Why Preimages Preserve Subset Operations

Preimages beat Images

Soon after being introduced to sets and functions, you might come across the notion of the image and preimage of a subset. Given a function $f : X \to Y$, the image $f(A)$ of a subset $A \subset X$ is \(\{f(a) \mid a \in A\} = \{y \in Y \mid \exists a \in A, y = f(a)\}\). And the preimage $f^{-1}(B)$ of a subset $B \subset Y$ is \(\{x \in X \mid f(x) \in B\}\).

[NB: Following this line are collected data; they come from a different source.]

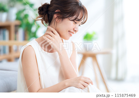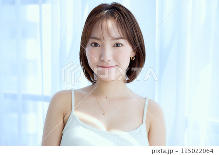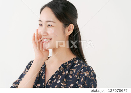 20代女性ビューティーイメージ (スマートフォン、黒髪ロングヘア、ノースリーブ)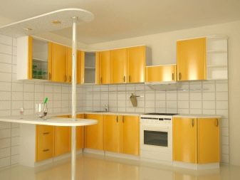 Wenn in einer kleinen Küche ist es erforderlich, sowohl Möbel als auch notwendige Ausrüstung in einem kleinen Bereich zu platzieren,in der Regel wird eine kleine Platte mit einer Standardbreite von 50 cm installiert, und kleine Bodenschränke mit einer schmaleren Arbeitsplatte.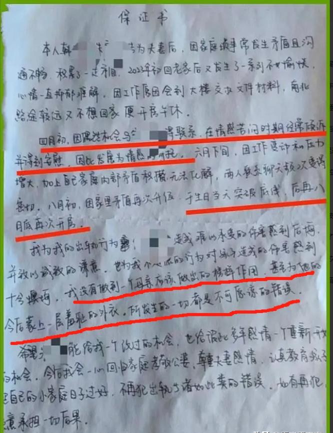 儿媳出轨的事情被儿子发现后,儿媳曾签署了一份保证书,承诺与宋某断绝关系,重归家庭。然而,后来却再次陷入了同样的错误。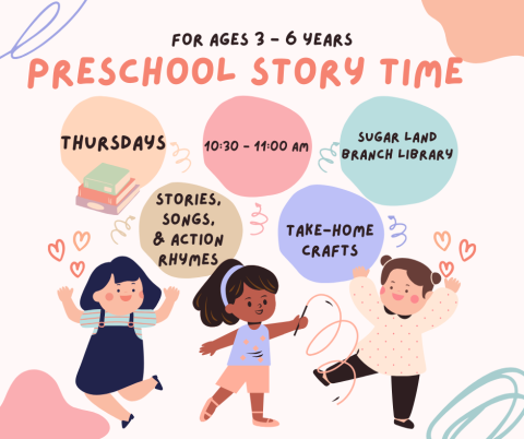 Stories, songs, and action rhymes for families with preschool children aged 3-6 years. Take-home crafts will be available at the end of the program.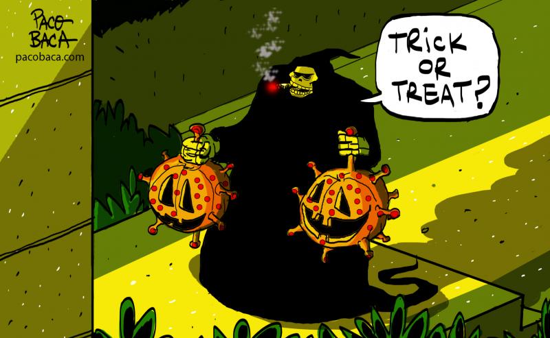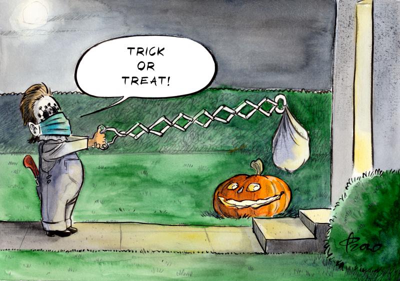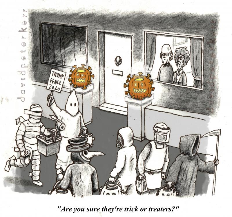 Кроме того, карикатуристы обыграли известную присказку, которую говорят на Хэллоуин: "Угости или обмани".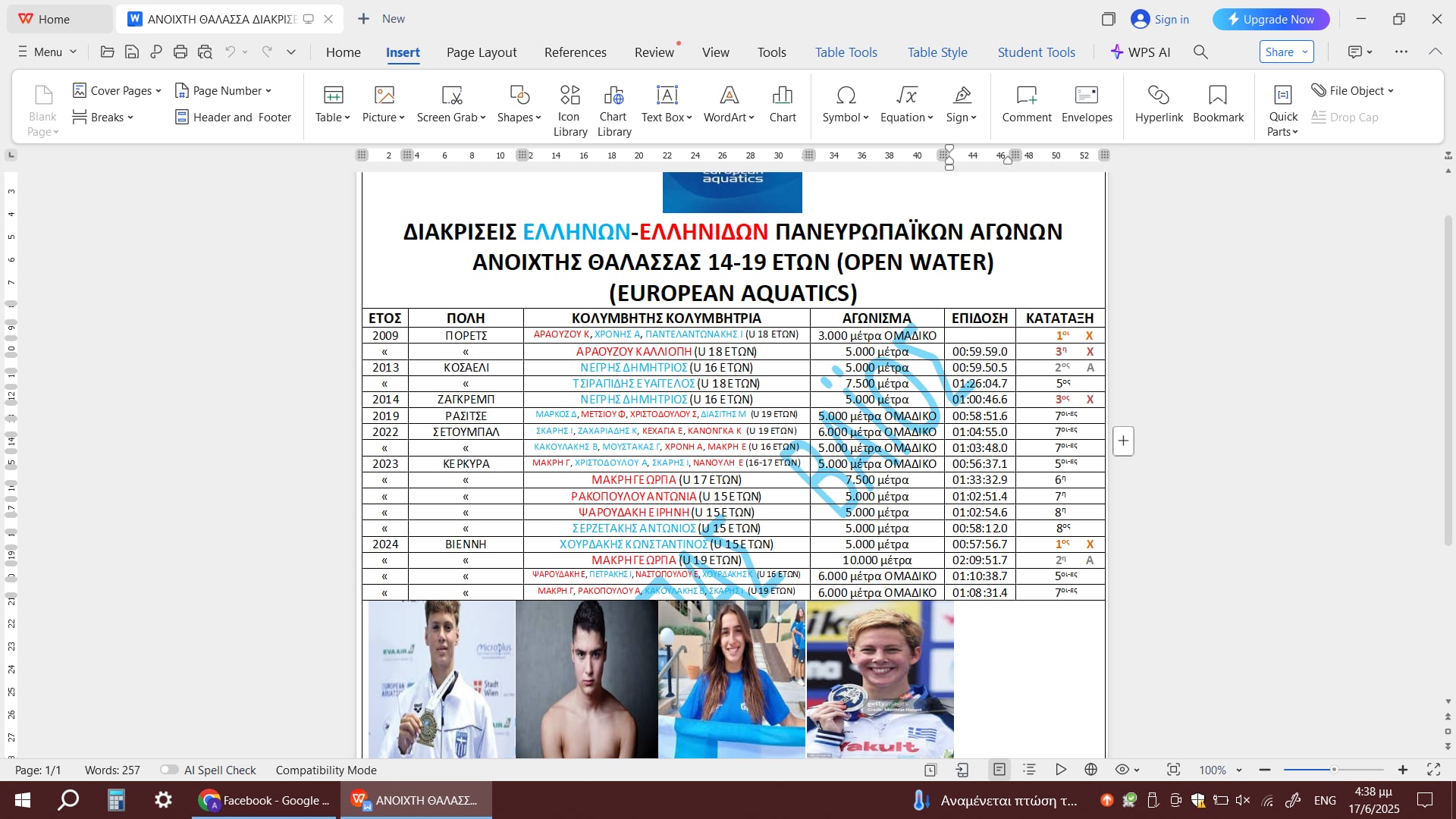 ΕΥΡΩΠΑΪΚΟ ΠΡΩΤΑΘΛΗΜΑ ΑΝΟΙΧΤΗΣ ΘΑΛΑΣΣΑΣ (OPEN WATER) JUNIOR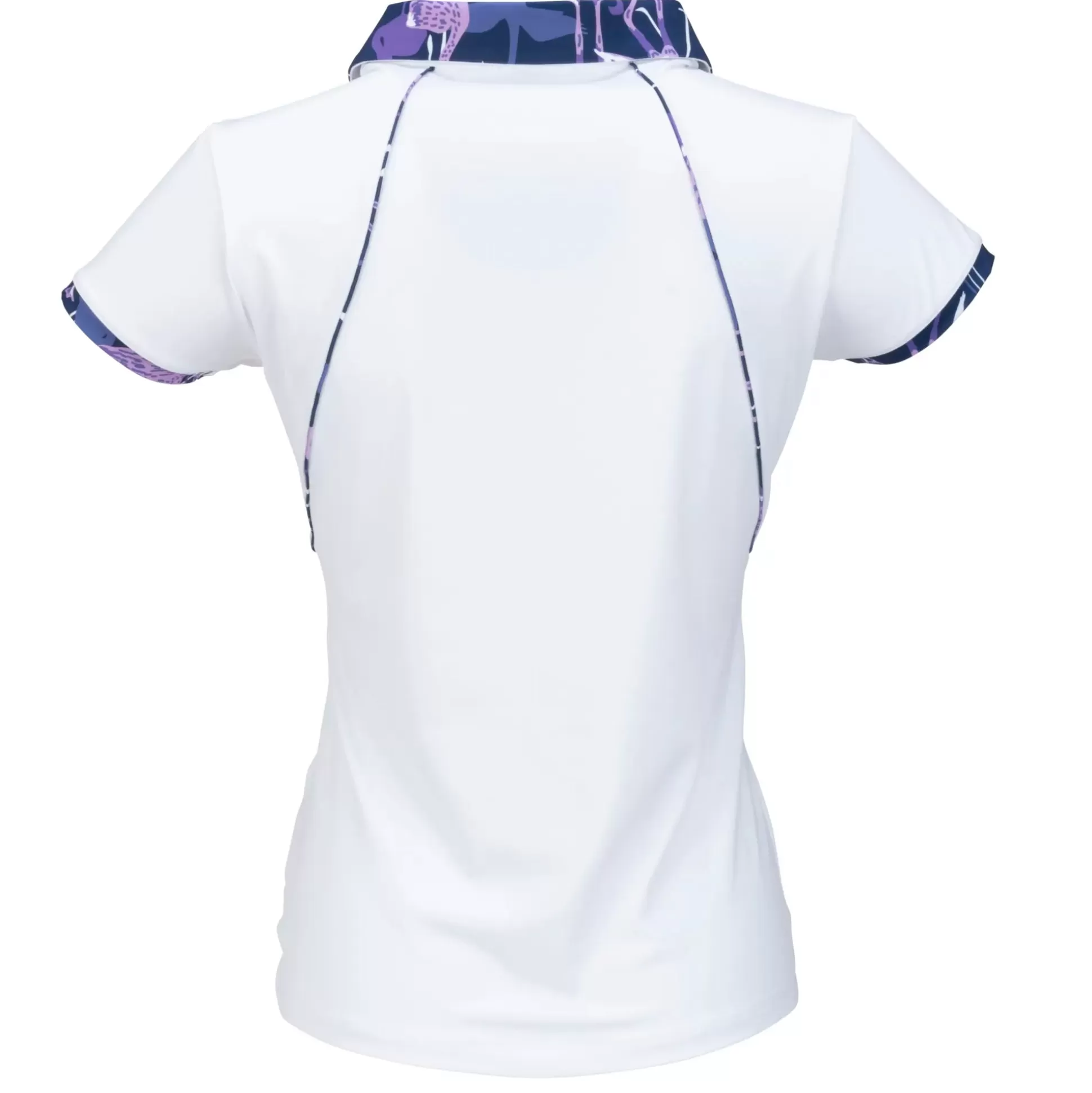 The Folly Short Sleeve Polo Is Constructed From A Beautiful Printed And Solid Jersey That Is Soft On The Skin Yet Cool To The Touch. This Polo Is Made Using A 90% Polyester/10% Spandex Blend For The Most Comfortable, Versatile Piece Of Sportswear. The Contrast Printed Collar, Sleeve Cuffs, Piping Details, And Zip Placket With Metallic Jewel Zipper Pull Presents An Attractive, Sleek Look For The Female Golfer. Using Delux Dri™ Moisture Wicking Technology, The Lightweight, Jersey Fabric Will Keep You Cool And Dry From The First Tee To The Final Green. With The Signature Lopez Flame Icon At The Right Hip, This Polo Boldly Highlights The Golfer As She Conquers The Eighteen Holes. This Polo Is Perfect For Pairing With Any Single-Colored Or Printed Golf Bottom.

When I was first introduced to these, they seemed roughly equal in importance; we’ve got a way of turning subsets of $X$ into those of $Y$, and subsets of $Y$ into those of $X$. But, as anyone who’s studied topology knows, preimages seem to be far more common when subsets are involved! Continuous functions are those for which the preimage of an open subset is open, not the image; measurable functions are those for which the preimage of a measurable subset is measurable. The “contravariant” nature of more geometry-flavoured fields is one aspect that distinguishes them from more algebra-flavoured areas, where we’re concerned with preservation of algebraic operations by homomorphisms in the forward direction.

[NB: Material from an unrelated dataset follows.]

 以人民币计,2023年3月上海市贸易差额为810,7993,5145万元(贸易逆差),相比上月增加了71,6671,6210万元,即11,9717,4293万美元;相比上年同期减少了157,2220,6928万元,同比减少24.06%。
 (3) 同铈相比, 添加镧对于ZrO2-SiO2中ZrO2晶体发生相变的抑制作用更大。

One reason for this is that preimages turn out to play much better with subset operations than direct images. $f^{-1}(A \cup B) = f^{-1}(A) \cup f^{-1}(B)$ and $f^{-1}(A \cap B) = f^{-1}(A) \cap f^{-1}(B)$, so preimages preserve both unions and intersections. Direct images do preserve unions, but in general $f(A \cap B) \subset f(A) \cap f(B)$, and we don’t have an equality. Personally, though, I found the usual “symbol-chasing” proofs of these statements to be unilluminating; they told me that preimage preserved subset operations, but I still wasn’t clear on why preimage did so.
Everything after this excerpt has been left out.